The owner of DERBY-PIE — which holds a federal trademark for a “well-known chocolate nut pie” — finished out of the money in his lawsuit against a Louisville, Kentucky, newspaper that published a recipe for the popular race-day dessert, a federal appeals court ruled Monday in dismissing the suit.
DERBY-PIE owner Alan Rupp sent a letter to the Louisville Courier-Journal contending that an article published in 2017 and featuring a “Derby pie” recipe “constituted a knowing infringement on its trademark.” A few weeks later the newspaper published an article on a local baker who makes macaroons with the flavor “Derby Pie,” thus prompting Mr. Rupp to file his suit in a federal court in Kentucky.
The lower court dismissed all claims, writing in part that Mr. Rupp did “not plausibly establish that there is a risk of consumer confusion” between the trademarked DERBY-PIE and the home-made pie.
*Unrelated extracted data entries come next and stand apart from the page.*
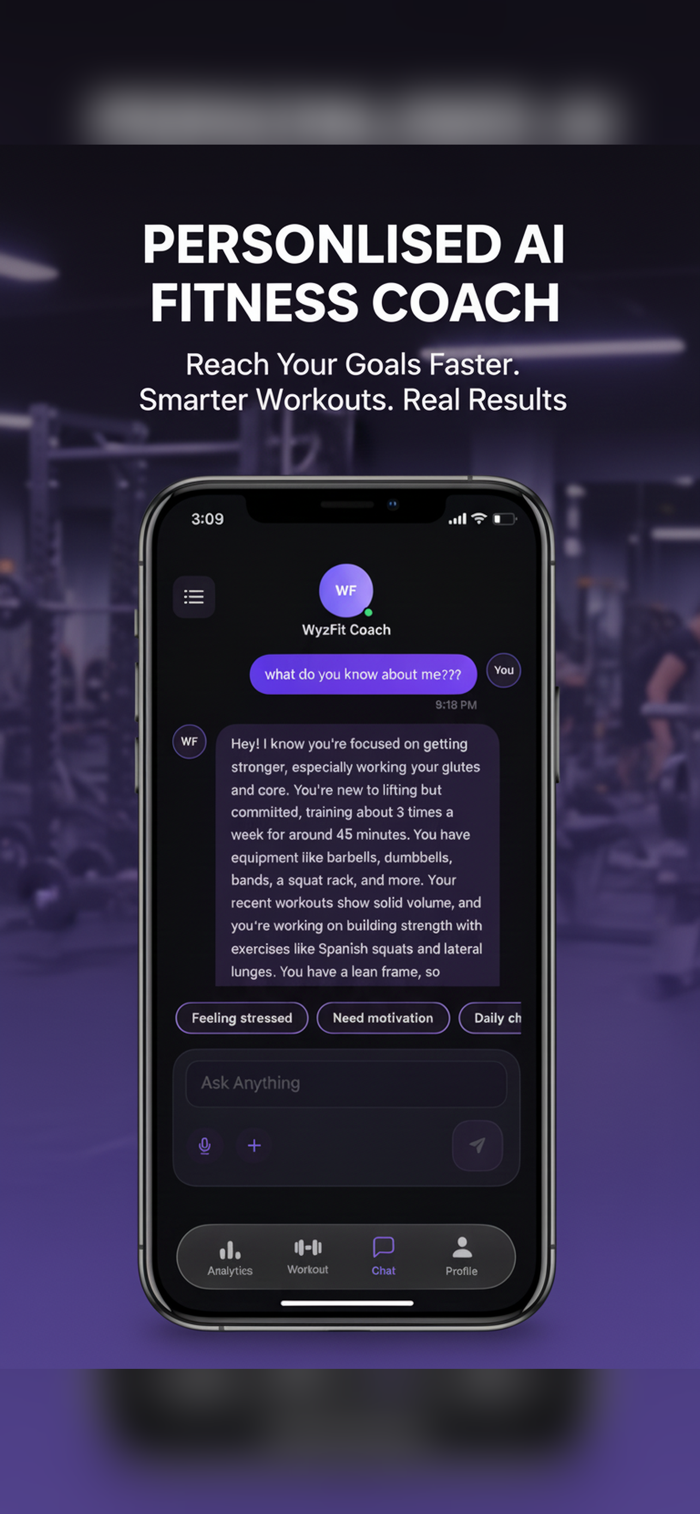 WyzFit AI is your all-in-one fitness and nutrition coaching app built to help you stay consistent and make measurable progress.
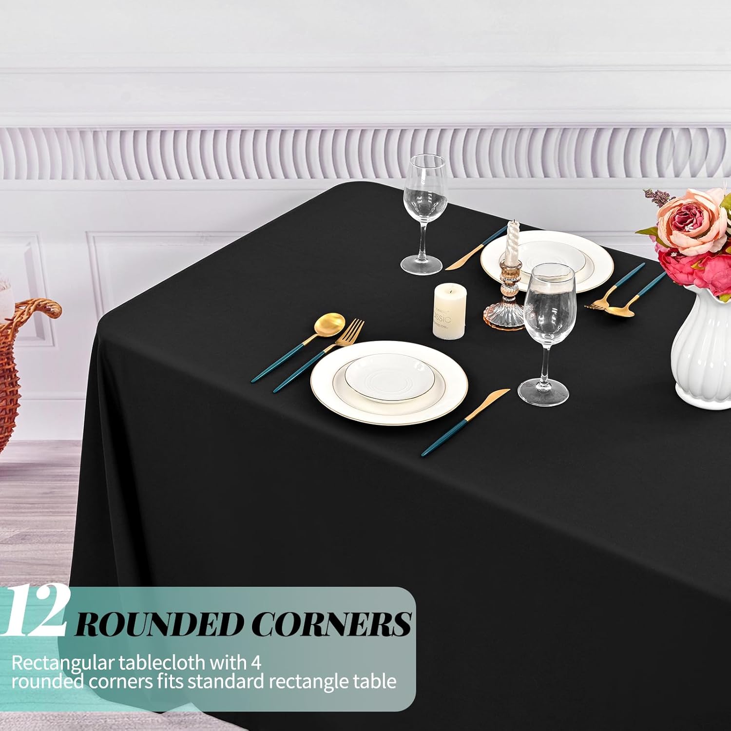 12 Pack Polyester Tablecloth 90 x 156 Inch Black Tablecloth for 8 Ft Rectangle Tables,Washable Fabric Table Covers Polyester Table Clothes for Wedding Parties Banque
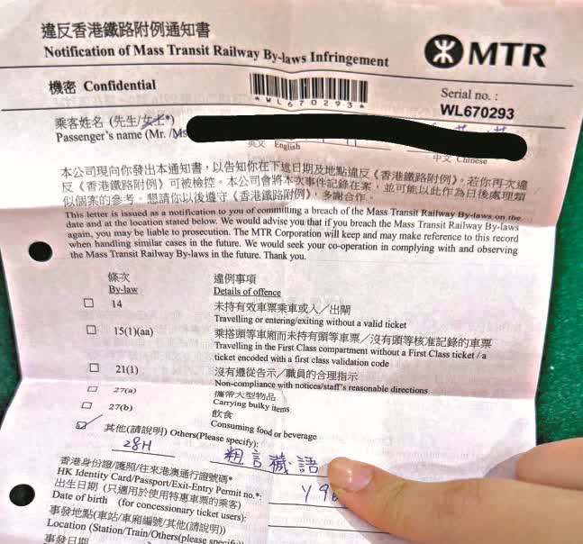 講粗口隨時被罰錢?有網民在社交平台分享,港鐵範圍內講粗口,被職員開罰單,警告再犯會罰款5000元,帖文並附有罰單圖片為證。港鐵回覆媒體查詢,事件發生在1月23日寶琳站,職員在處理一宗乘客爭執時,曾向相關乘客發出了書面警告,即「違反香港鐵路附例通知書」。
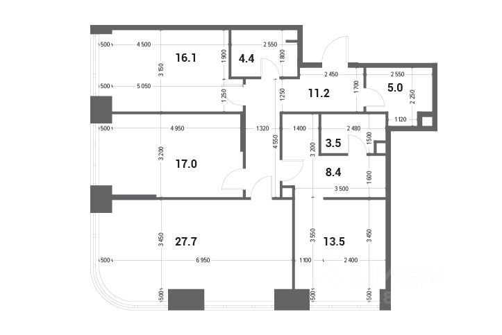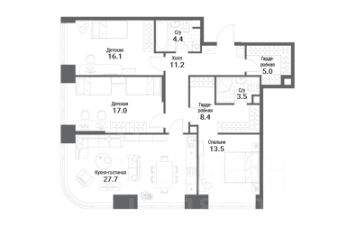 Угловая квартира с тремя спальнями и просторной кухней-гостиной.

A federal appeals court agreed, writing that “the Courier-Journal has used the phrase ‘Derby pie’ in a ‘wholly descriptive manner,’” and that “we can assuredly say that the Courier-Journal did not use ‘Derby pie’ in a trademark way.”
Mr. Rupp’s lawsuit also lacked a key ingredient: similarity, the court wrote, adding that it was the man’s “own evidence” that revealed that “no reader could possibly think that a so-called ‘Derby pie’ containing bourbon and no vanilla came from the company or companies associated with DERBY-PIE.”